2013年02月08日

虎之児(とらのこ)|井手酒造有限会社

新進気鋭 酒蔵訪問の旅 304蔵目

虎之児(とらのこ)|井手酒造有限会社

佐賀県嬉野市嬉野町大字下宿乙806番地1
蔵元のサイト:http://www.toranoko.co.jp/


酒名:虎之児(とらのこ)、若虎(わかとら) ■創業:明治元年(1968年) ■杜氏:地元雇用(肥前杜氏) ■仕込み水:軟水 ■訪問日:2013/2/8

代表銘柄
虎之児 大吟醸
若虎 純米
虎之児 上撰

佐賀県の西部に位置する嬉野(うれしの)市。
ここには佐賀県を代表する、日本三大美肌の湯と呼ばれる嬉野温泉があります。

嬉野温泉観光協会のサイトによると温泉宿が33件、入場料を払えば入浴できる温泉は24件もあるそうです。
そんな温泉街の中心地にたつ酒蔵が、虎之児(とらのこ)という酒を造る井手酒造有限会社です。 虎之児(とらのこ) 井手酒造有限会社|外観

虎之児(とらのこ) 井手酒造有限会社|外観
井手酒造有限会社は明治元年に井出興四太郎(よしたろう)氏が創業した酒蔵。蔵元のホームページによると與四太郎氏は製茶の研究や海外輸出等に専念する傍ら、嬉野川の清水を利用し酒造業を創めたと、と書かれています。

虎之児(とらのこ) 井手酒造有限会社|商品
蔵の主力銘柄は虎之児(とらのこ)。

佐賀県の日本酒は甘口の酒が多いと言われていますが蔵元の話によると中でも嬉野周辺で飲まれている酒は特に甘口だとか。
地元ではレギュラー酒は甘口でないと売れないそうです。

虎之児も搾り終えた原酒の段階で日本酒度はマイナス10。割り水してもマイナス8くらいという甘口の酒。ただし甘口が好まれるのはレギュラーと呼ばれる地元商品の普通酒が中心で特定名称になるとそれほど甘くはないとのこと。
この蔵が造る特定名称酒は日本酒度がプラス2から3くらいの酒を造られているそうです。

井手酒造に訪問し面白いものを発見しました。
虎之児(とらのこ) 井手酒造有限会社|虎之児 特選ラベル
JAXA(宇宙航空研究開発機構)では、ロケット打ち上げの際「性能計算書」という書類が作成されるそうです。

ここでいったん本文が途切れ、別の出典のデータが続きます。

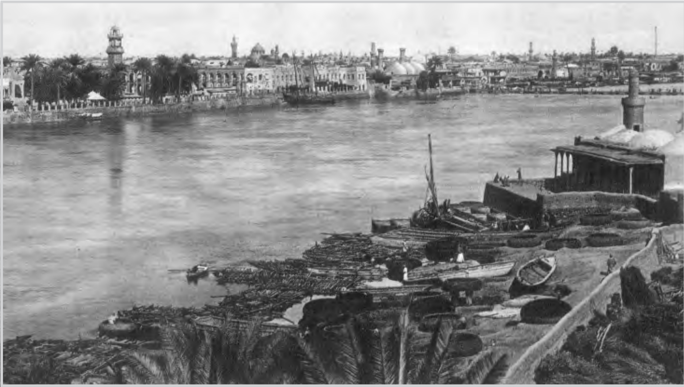
منظر مدينة بغداد في بدايات القرن الماضي
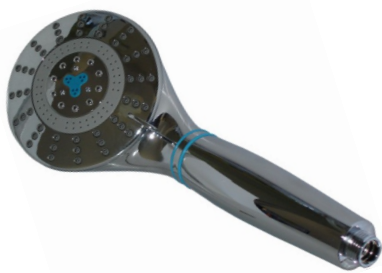
Douchette luxe 6033

Dévissez le manche de la douchette (pour les modèles 6030 et 6032), tourner d'un quart de tour vers la gauche puis tirer vers le bas pour le modèle 6033 (Premium), retirez la cartouche usagée, mettez en place la nouvelle cartouche, Selon la qualité de votre eau et le nombre de personnes qui l'utilisent, la cartouche du filtre douche doit être remplacée après 6 mois d'utilisation ou dès que vous commencez à sentir de nouveau une légère odeur de chlore ou sensation de peau sèche ou irritée.
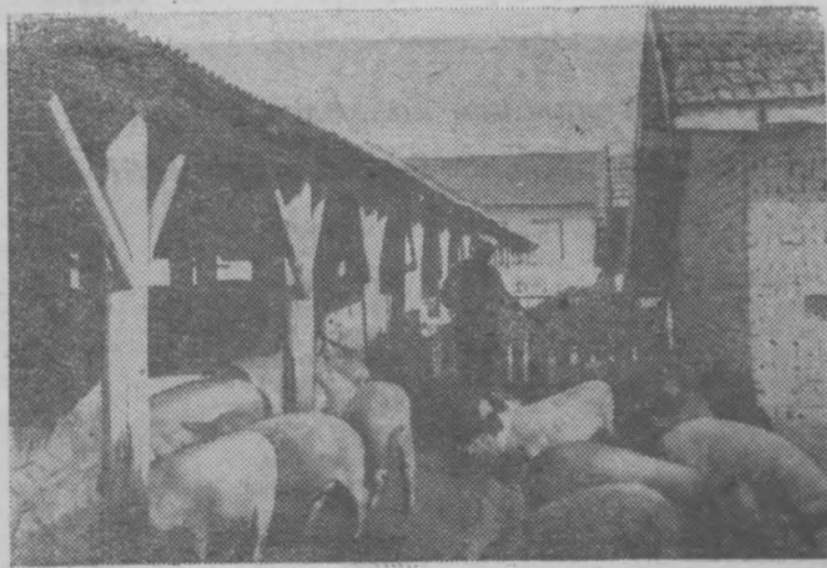
Механизированный свиноводческий комплекс для откорма 1800 голов скота в селе Генерал-Тошево.

Дело подлежит рассмотрению в городском народном суде г. Вологда.
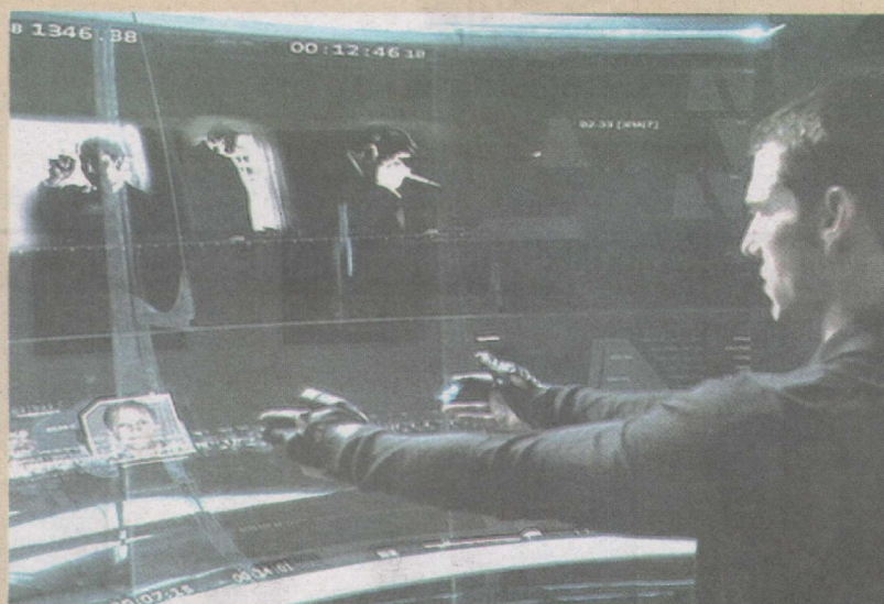
MAJU... Web 3.0 mampu hasilkan pelbagai aplikasi seperti dalam filem futuristik.

Inovasi itu memberikan kelebihan dalam capaian Internet dan mampu mengurangkan jurang digital di luar bandar dengan menggunakan platform WiWi
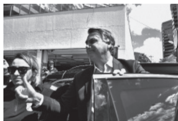
Jair Bolsonaro ante la Justicia.

El ultraderechista declaró en la Superintendencia de la Policía Federal de Brasilia por orden del juez Alexandre de Moraes, del Supremo Tribunal Federal, que encabeza la megacausa por los actos del 8 de enero, cuando miles de bolsonaristas que pedían al Ejército intervenir para derrocar a Lula invadieron el Palacio del Planalto, el Congreso y la sede de la Corte. Bolsonaro fue incluido en la investigación como supuesto autor intelectual, luego de haber publicado en Facebook, tras la intentona, un video en el cual se denunciaba como
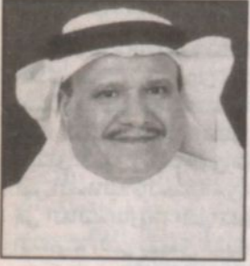
بقلم: سليمان تركي الفيضي
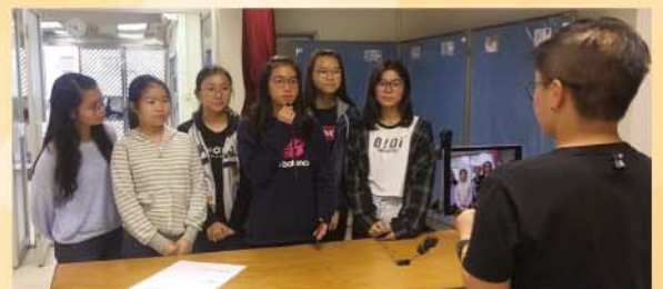
「聰明豆」拍攝短片介紹她們構思的「點子」
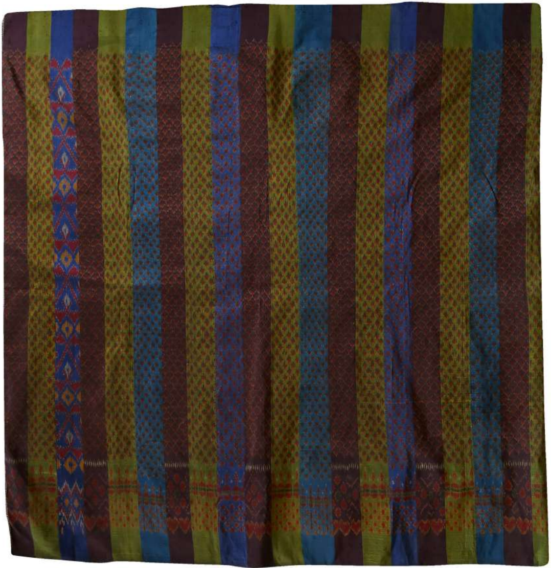
ผ้าไหมมัดหมี่ ลายสร้อยดอกหมาก

JAXA宇宙科学研究本部教授、的川泰宣先生が書かれた「ロケット打ち上げの遊び心」というコラムによると、日本で一番最初に打ち上げられた人工衛星の「性能計算書」のタイトルには「Satellite」という案が挙がったのですが、的川氏が冗談で「Hatelliteぐらいじゃないですかね」と答えたそうです。

これがきっかけで性能計算書の表紙には遊び心が入るようになり、「Hatellite」が「hi-lite」と変化。

そして、はやぶさが打ち上げられる時。
太陽系誕生の秘密を探る「虎の子」とも言える小惑星の破片を回収して返ってくるプロジェクト。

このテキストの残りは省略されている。